_WORK TASK:_ Filter the listing below, please, and copy only the lines with the word "líder".

_STUDY MATERIAL:_
◆ ◆ ◆ ◆
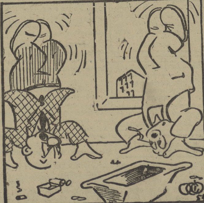
—¡Nos la ha hecho usted "parda" con interpretar los planos al revés...!
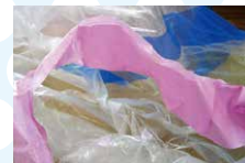
ポリエチレン (テープ付き)
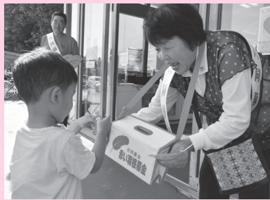
赤穂ボランティア協会 (イオン赤穂店)
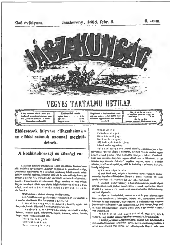
Gyárfás István cikke a birtokviszonyokról a Jász-Kunság újságban
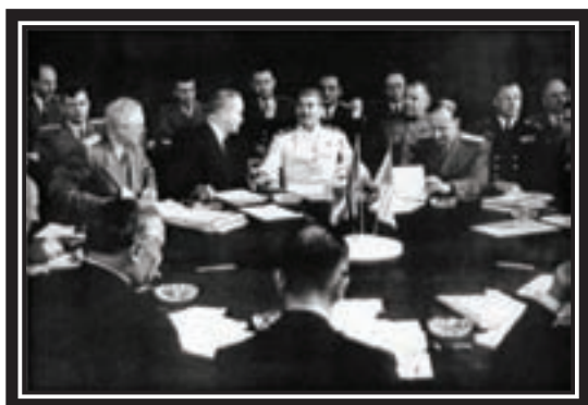
1945г. Сталин В.И., Молотов В.М., Вышинский А.Я. и др. участники советской делегации во время заседания Потсдамской конференции
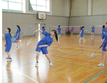
広いグラウンドと体育館
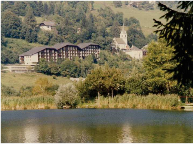
Hausansicht vom See
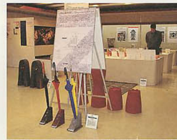
かがわデザインフェスタ2000に展示された香川県地場産業デザインルネサンス事業の成果品
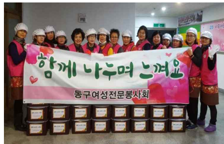
저소득 부자가정지원 밑반찬 만들기 (3.20) - 동구여성전문봉사회
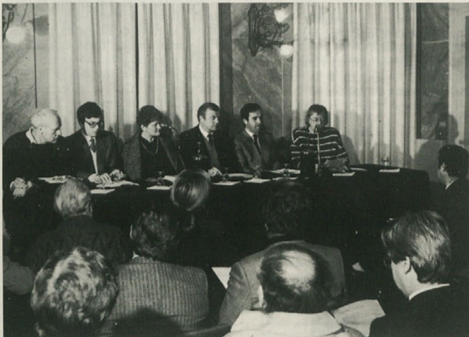
Organizacije beneških Slovencev so prejšnji ponedeljek priredile v Vidmu tiskovno konferenco, da bi obrazložile njih stališče o vladnem «finančnem zakonu». O tem bomo še poročali.

Manos je odšel v Nikozijo, Kristina pa se je vsak dan vozila v bližnjo Larnaco. Brat je dobil delo v nikozijski banki, zaslužil je dovolj, saj je Nikozija, potem ko se je položaj pomiril in ko je državljanska vojna izbruhnila v Libanonu, Bejrut zamenjala kot finančni center vsega Bližnjega vzhoda. Manos je pogosto potoval v Saudsko Arabijo, Dubaj, Doho, Dhahran, Bahrein, pa tudi London in Frankfurt. Delu mu je šlo lahko od rok, bil je bančni posrednik, v omenjenih mestih si je ustvaril lepe zveze. Postavil si je hišo južno od Nikozije, daleč od razmejitvene Attilove črte. Tam je bilo bolj varno, ustvaril si je družino. Od vse njegove družine je morda še najmanj trpel, začel je lahko popolnoma na novo. Kristina je naredila daktilografski tečaj v Nikoziji, ostala v naselju, se še naprej učila in redno hodila na delo v Larnaco, kjer se je zaposlila v nekem ladjarskem predstavništvu.
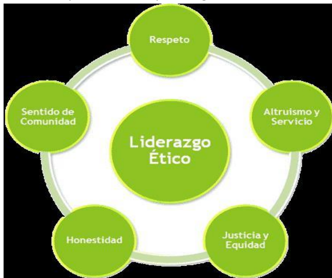
Cualidades y características del líder

El liderazgo ético se basa en la capacidad del líder de enfocar la atención de la organización en la ética y los valores y de inculcar a la organización los principios que orientarán las acciones de todos los empleados. La ética profesional significa laborar con vocación de servicio, con integridad intelectual, moral y física para que la profesión sirva a la comunidad donde es importante el fin pero también los medios que se utilicen para llegar a él.
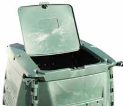
Ouverture petit couvercle
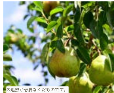
KL01-24A 発送時期 10月中旬頃～
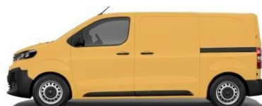
JAUNE OR – RAL 1004 070 - A4S
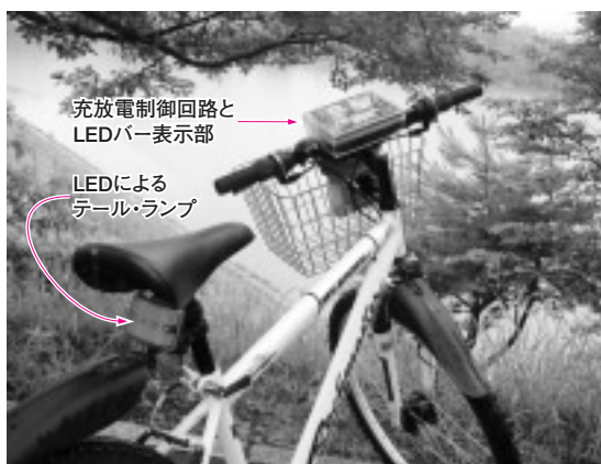
写真15-1 発電のようすがバー・グラフで表示されるテールランプ・システム

しかし、負荷があることは間違いありませんから、発電していることを(できれば積算電力も)表示すれば、
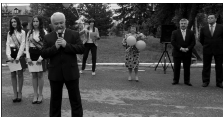
Поздравление главы администрации МР «Износковский район» В.В. Леонова.
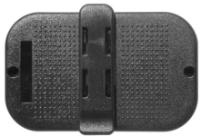
Broche para el Cinturón (incluido).
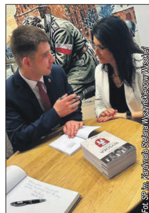
Listopadowe spotkanie autorskie

Brawa za wsparcie i wkład w rozwój wiedzy o historii
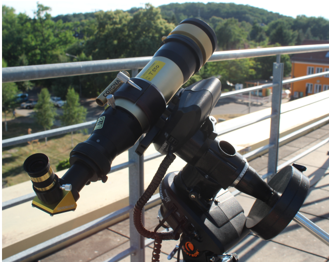
Das Solar Max II auf der Advanced GT
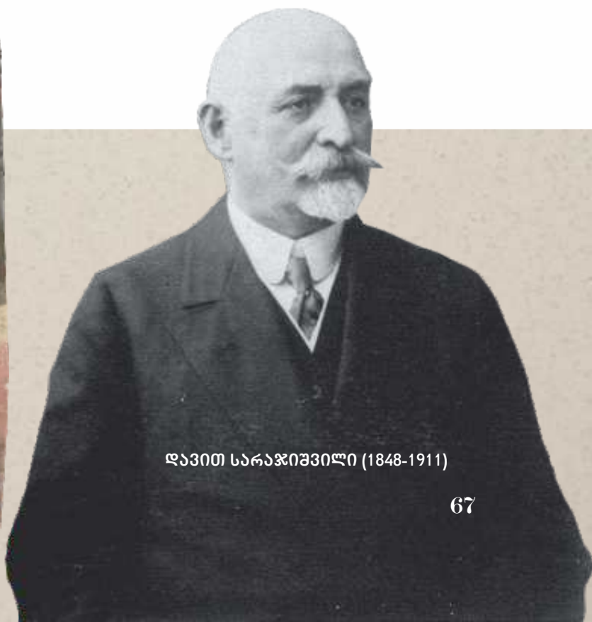
დავით სარაჯიშვილი (1848-1911)
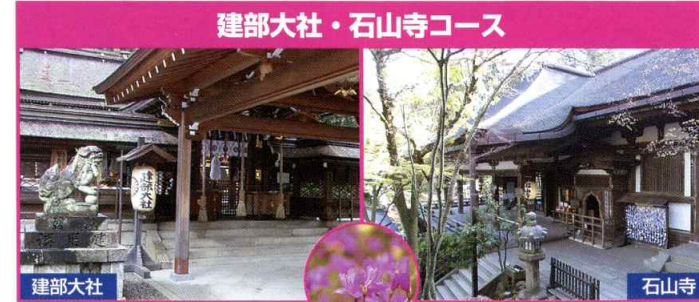
建部大社・石山寺コース
◆ ◆ ◆ ◆
_WRITTEN REPLY:_
Cualidades y características del líder
El liderazgo ético se basa en la capacidad del líder de enfocar la atención de la organización en la ética y los valores y de inculcar a la organización los principios que orientarán las acciones de todos los empleados. La ética profesional significa laborar con vocación de servicio, con integridad intelectual, moral y física para que la profesión sirva a la comunidad donde es importante el fin pero también los medios que se utilicen para llegar a él.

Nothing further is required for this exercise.